Australian Geoffrey Wright was originally attached to direct but left the project two months before principal photography was to begin due to "creative differences." Apparently, he had an idea about shooting the entire film in zero gravity, but MGM disagreed. Vincent D'Onofrio was originally cast as the computer tech but when Wright was fired, D'Onofrio also walked out. James Spader was cast in the lead.

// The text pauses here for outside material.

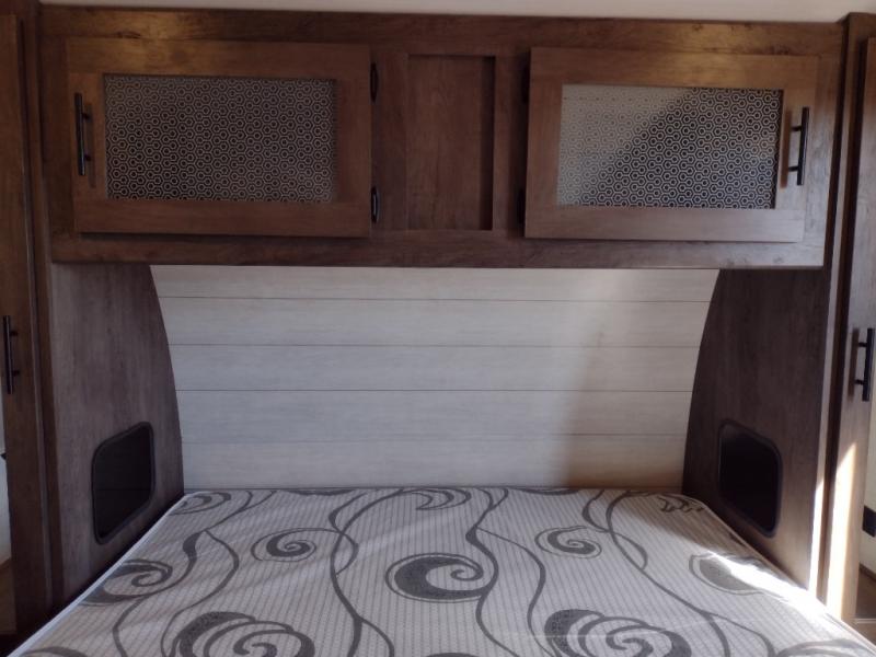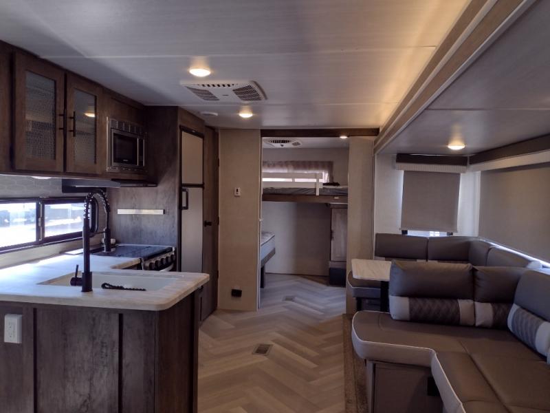 When you're ready to upgrade your RV to a unit with more sleeping space and comfort, choose this Wildwood travel trailer, and you'll never look back. After setting up camp, put out the large slide and prepare lunch indoors or outside at the exterior camp kitchen, and the 18' power awning will shade you from the sun. The kids will find all their snacks in the walk-in pantry, and they can grab a cold drink from the 11-cubic foot refrigerator. The U-shaped dinette is a part of the Versa Lounge, and it will provide comfortable seating space. This model features a rear private bunkhouse with a Versa queen bed and two Versa bunks, and you will love the front private bedroom that includes dual bedside closets.

Wright was replaced by Jack Sholder. However, MGM head Frank Mancuso Sr. was reluctant to use him. Spader campaigned for Walter Hill, who had written and produced the three Alien films. Hill says he "was interested in doing a science fiction thing"; he thought the script "had fixable problems" and he wanted to work with James Spader.

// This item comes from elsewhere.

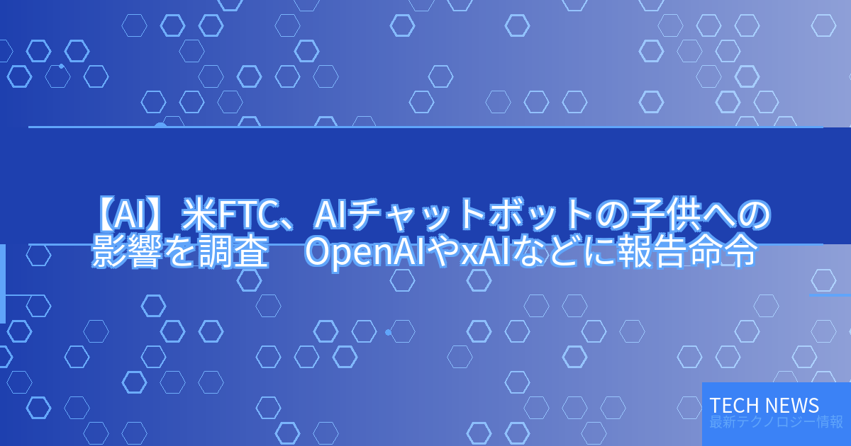 米FTCが、AIチャットボットの子供への影響に関する調査を開始した。OpenAIやxAIなど7社に対し、安全性やデータ収集に関する報告を命令した。特にプライバシー保護法COPPAへの準拠を注視しており、違反があれば利用停止を求める可能性がある。

MGM were worried that the Screen Actors Guild would strike that summer (which ended up being averted). They did not delay the April 1998 start date, which left Hill only weeks to organize the production. He spent much of that time reworking the script, not knowing that the president of United Artists (Lindsay Doran) was very attached to the script.

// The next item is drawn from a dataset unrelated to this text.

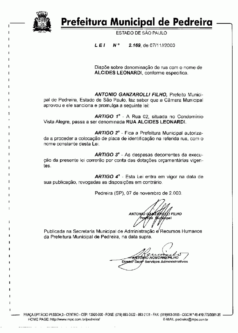 Lei Municipal - N° 2169 de 07/11/2000

"Walter's vision of the film was different from the studio's. It's a shame that couldn't be resolved during production," screenwriter David Wilson said.

===Filming===
Filming began in April 1998. Hill said the budget of the film was cut halfway through production.

Visual effects house Digital Domain was once considering a production collaboration with MGM. Under such a deal, the visual effects would be delivered below market rates, since Digital, as a partial owner of some MGM films, would have an incentive to keep costs down. The collaboration fell through and the production had to pay for "the full spa treatment," according to producer Daniel Chubas. MGM had to scrap about half of the planned visual effects shots. A weightless sex scene between Robin Tunney and Peter Facinelli was shot in seats mounted on a rotating pole that was digitally removed in post-production. The script also involved a cutting-edge robot—remotely operated by someone's manipulating gloves—that performs long-distance medical examinations. This became an actor dressed as an android. Finally, a sequence where Spader rescued someone inside a bubble of zero-gravity water was never filmed.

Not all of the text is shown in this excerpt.